Why Gatsby & Sanity?

As I've spent more time developing, one thing I have been doing more often is building personal sites for other people. It's an easy way to keep practicing new frontend skills and techniques, as well as build up a portfolio that shows what you can do. One of the most annoying things about this, however, is creating an easy and custom way to manage content for those websites. There are tons of options out there like WordPress, but one of my favorite tools is Gatsby.

Why I like Gatsby

Gatsby is a super-fast static site builder with arguably the best documentation I've ever encountered. As a dev, it's an incredible platform. Gatsby is essentially data agnostic, meaning you can use nearly any data type to provide it with content. It could be a WordPress API, markdown, RSS feeds, it's great. Lately, my choice is for managing content easily is Sanity.

Why I Like Sanity

Sanity is essentially a super slick headless CMS/backend service. What's great about Sanity is that it comes with the Sanity Studio, a React application that you can run locally or host on a service such as Netlify. The beauty of it is that it allows you to define your own data types. The best way I can imagine explaining how it works (and why you would use it) is to compare it to a CMS such as Wordpress. With WordPress, you have pages and posts, and you can add tags and categories, but beyond that, you would essentially have to massage those types of data in an effort to create a site. That's confusing because the end-user could ultimately be dealing with having to manage data for their website that doesn't really describe their data appropriately. For example, if my wife (an actor) was using a platform such as Wordpress as a CMS and wanted to add a recent show that she performed to her resume, she might be making a new "Post" with a category. It works, but with Sanity, you could make your own data type called "Show" in the schema and that automatically creates a document type that could be edited by her (the end-user). For another example, I'm currently working on a site for a woodworker. They might want an area of their website that catalogs the different types of wood along with the wood properties for their readers. Using Sanity, I can make my own data-type for that. The great thing about Sanity is that you have the flexibility to create custom ways to store your data and manage your content (you can even edit the Sanity Studio itself because it's just a React app) all without having to set up your own database and manage all of that.
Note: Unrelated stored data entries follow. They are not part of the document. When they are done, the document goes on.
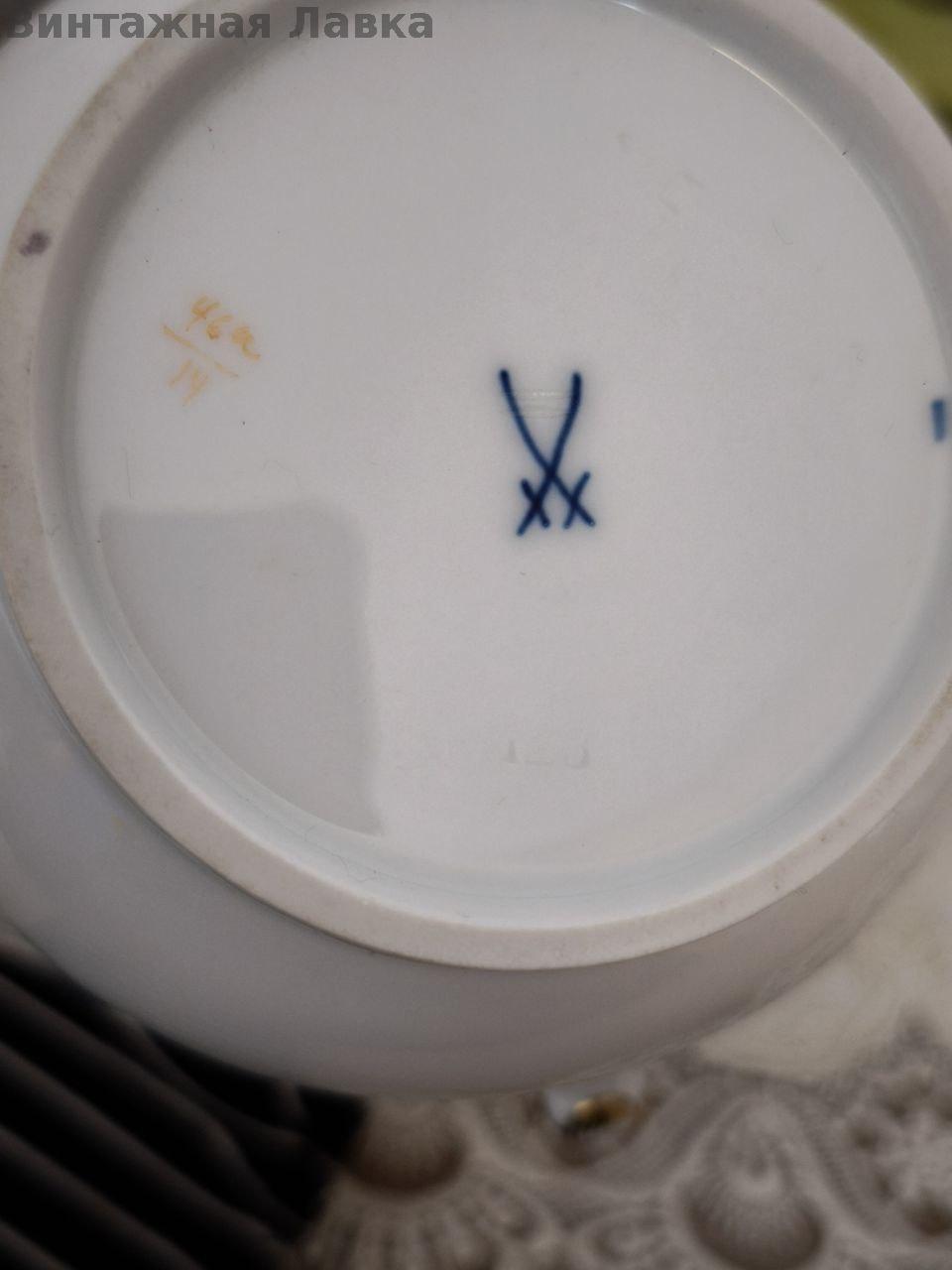 На дне — подглазурное клеймо скрещённые мечи, подтверждающее производство мануфактуры Meissen.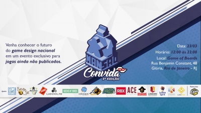 O Mansão Convida vai acontecer no dia 23/03, na Game of Boards (Rua Benjamin Constant 48), entre 12h e 22h. Venha conhecer jogos em estágio embrionário e ajudar a transformá-los, quem sabe, em futuros sucessos!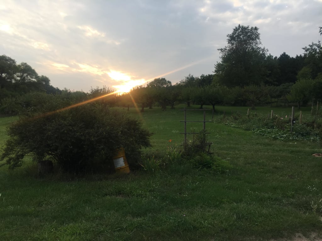 Once outside I breath in the fresh country air. Something feels different here. It always has. Perhaps it's the way the wind rustles the small leaves on the knobby apple trees in the orchard, or the sound of the birds singing and darting from the tree to tree. Maybe it's the way the pond ripples as we walk around the edge, small frogs darting from unseen perches to hide in the shadowy depths of the water. Whatever it is, this place breaths in stress and chaos and exhales peace. This place is home.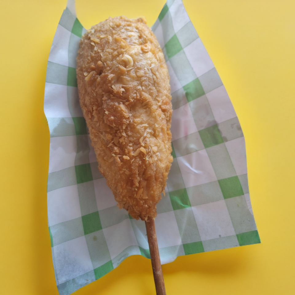 Banderilla con relleno de snickers, cubierta de nuestra masa especial y panko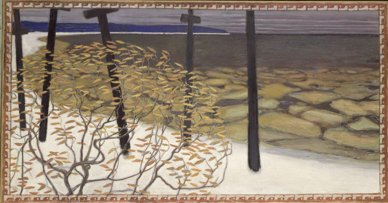 Autunno le cinque croci è un’ode malinconica alla natura che si avvicina al letargo invernale: il cielo buio fa presagire una tempesta; l’acqua del lago è scura e le foglie dell’albero in primo piano sono ingiallite. Questa tela fu dipinta infatti per il mausoleo destinato a ospitare le spoglie di una bimba morta a 11 anni e il pittore questo tragico fatto lo racconta attraverso il passaggio dall’estate alla stagione invernale e la presenza delle 5 croci nere in primo piano piantate nella candida sabbia della spiaggia che si prolunga assottigliandosi come sentiero di luce che si perde in lontananza, unico elemento luminoso che conferisce un tono dorato alle foglie appassite.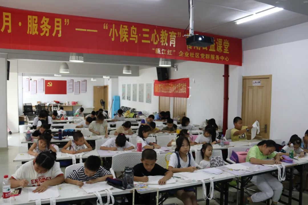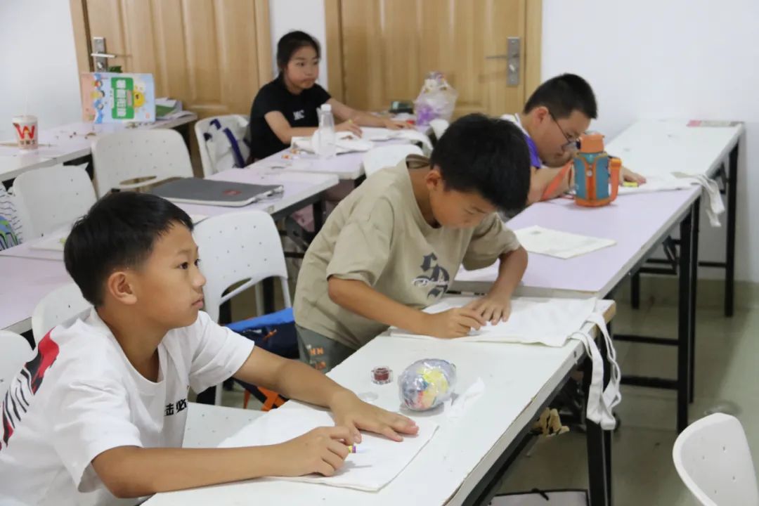 蓝夹缬,又称温州蓝夹缬,为中国传统印染四缬之一。为了传承并发扬温州民俗文化,本期“小候鸟”暑期公益课堂开设蓝夹缬体验及技艺培训系列课程,让这个小众“非遗”产品“火”起来。7月14日下午,企业社区联合星空平台“爱的历程”暑期实践队开展绘“夹缬”之蓝,品创造之美活动,共40名“小候鸟”参加。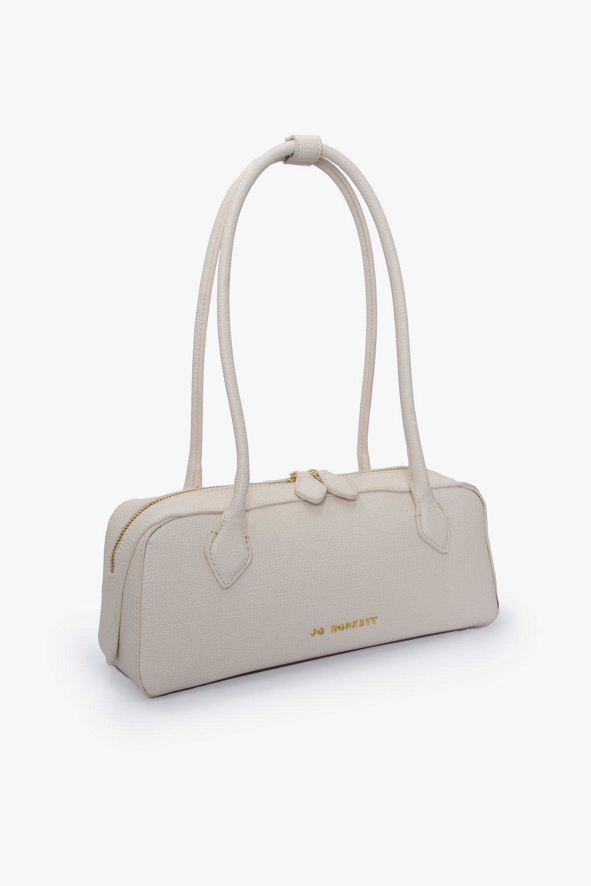 Introducing the Samantha, a modern spin on the classic east-west baguette shape. With elongated proportions and luxurious diamond-shaped strap details, this 'it' bag for 2025 exudes chic minimalism. Complete with a double zip closure and elegant gold hardware.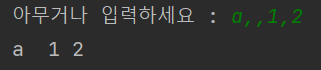 (ex) a, b = input('두 개의 변수를 쉼표를 사이에 두고 입력하세요').split(',')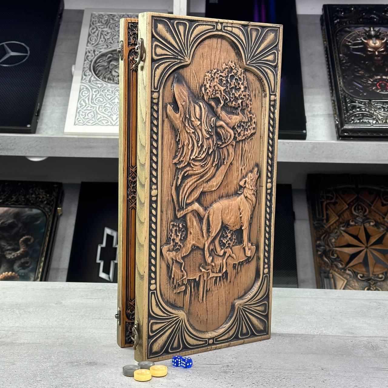 Деревянные нарды Волк 46×23см
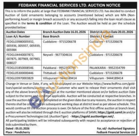 Fedbank Financial Services Ltd Gold Auctions Auction in Cuddalore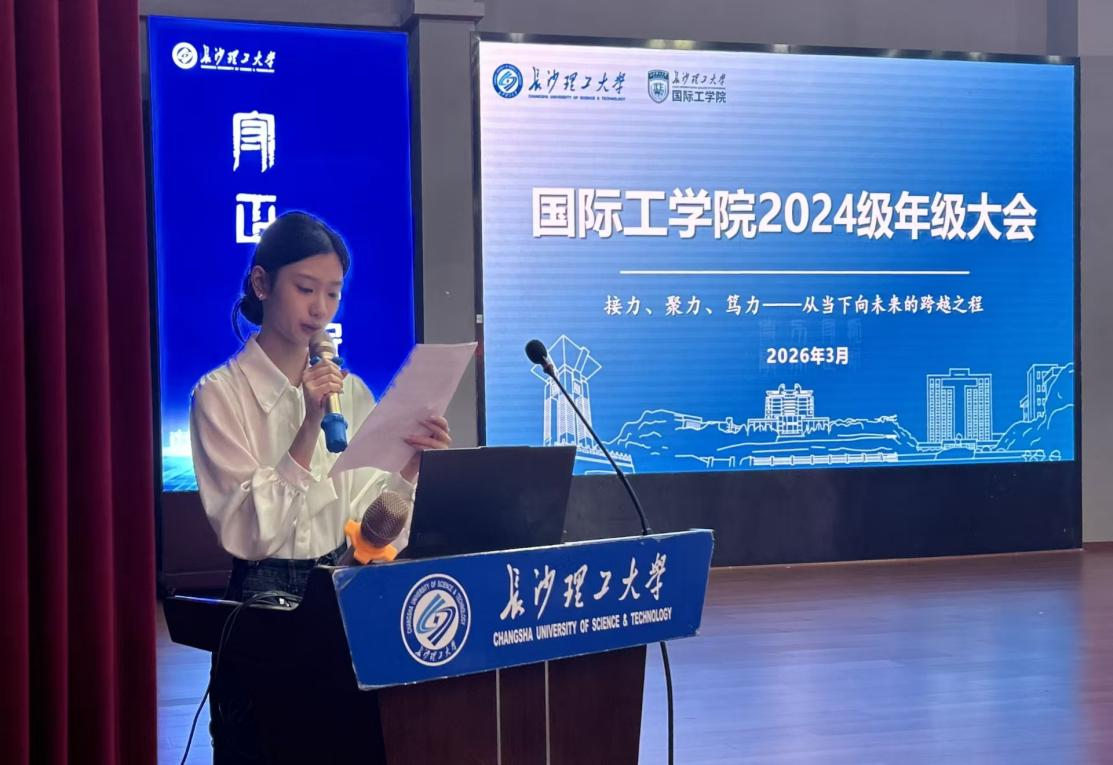 为扎实推进学风建设,明晰年级管理要求,规划学期发展方向,2026年3月,MG冰球突破官网国际工学院2024级“接力、聚力、笃力——从当下向未来的跨越之程”主题年级大会在学生活动中心科技报告厅顺利举行。国际工学院2024级辅导员易芙蓉、2024级全体学生参与本次大会。

For me, it's a happy space of having a custom CMS I can make for a particular client while not actually having to develop everything from scratch.

What We're Doing

In this post, I am going to be going over how to create a brand new, clean project in Gatsby and connecting it to Sanity as it's the primary data source. The Sanity site actually has a few starters you can use with just a few clicks, but it comes with a lot of pre-defined CSS, as well as the clutter of all the sample files that I don't necessarily want to deal with when starting a new project. Following these steps, you can grasp the basics of how Sanity and Gatsby work together and have a clean setup for both so you can use whatever you want for development, such as styling, file structure, etc. Here we go!

Steps

1 - Create Directory

So first we are going to create a directory for our project. I do this first because the CLI tools for Gatsby and Sanity are a little different and I also prefer to have both under a single git repo, so go ahead and make a directory named whatever, wherever you want. I named mine gatsby-sanity-starter.

2 - Create Sanity Studio

First, you need to install the Sanity CLI, so using npm run npm install -g @sanity/cli to install the CLI globally. After that, make a new directory in your root directory and name it studio. From the studio directory, run sanity init. The first time you do this you'll need to log in, create an account, and when prompted for a project, you are going to select Create a New Project and then for the project template you want to select Clean project with no defined schamas. This is going to create a brand new Sanity Studio inside the /studio directory.

3 - Create a Gatsby Site

If you have not already, install the Gatsby CLI with npm install -g gatsby-cli. Next, you're going to go to your root directory and run gatsby new web, which creates a new Gatsby project within the /web directory.

4 - Remove git from the Gatsby site

Next, we are going to remove git from the Gatsby site in the /web directory. This can be done by running rm -rf .git from within the /web directory. I prefer to do this because I like having a single git repo for both the studio (in /studio) and the actual website (in /web). Alternatively, you could run git init from within the /studio directory and have two separate repos for the studio and the website.

5 - Install gatsby-source-sanity

If you're new to Gatsby, a basic principle is that it uses plugins to incorporate various features. The plugin gatsby-source-sanity allows you to run GraphQL queries in your Gatbsy app against a GraphQL API route created by Sanity. You install this in a few steps.

  • From within the /web directory, run npm i gatsby-source-sanity --save.
  • Add the plugin config to the file gatsby-config.js
// in your gatsby-config.js
module.exports = {
  // ...
  plugins: [
    {
      resolve: 'gatsby-source-sanity',
      options: {
        projectId: 'abc123',
        dataset: 'blog',
        // a token with read permissions is required
        // if you have a private dataset
        token: process.env.MY_SANITY_TOKEN,
      },
    },
  ],
  // ...
}
  • Within the plugin config, you need to replace the projectId and dataset with your Sanity project id and dataset name. You can find this in the /studio/sanity.json file.

6 - Create Your Schema

At this point, in order to check everything is up and running properly in terms of the connections between your Gatsby site and Sanity you'll need to create some type of basic Schema. When we created a new Sanity site, it is 100% void of any schema, so there isn't a way to see anything getting pulled into you Gatsby site. We will do this in 2 steps.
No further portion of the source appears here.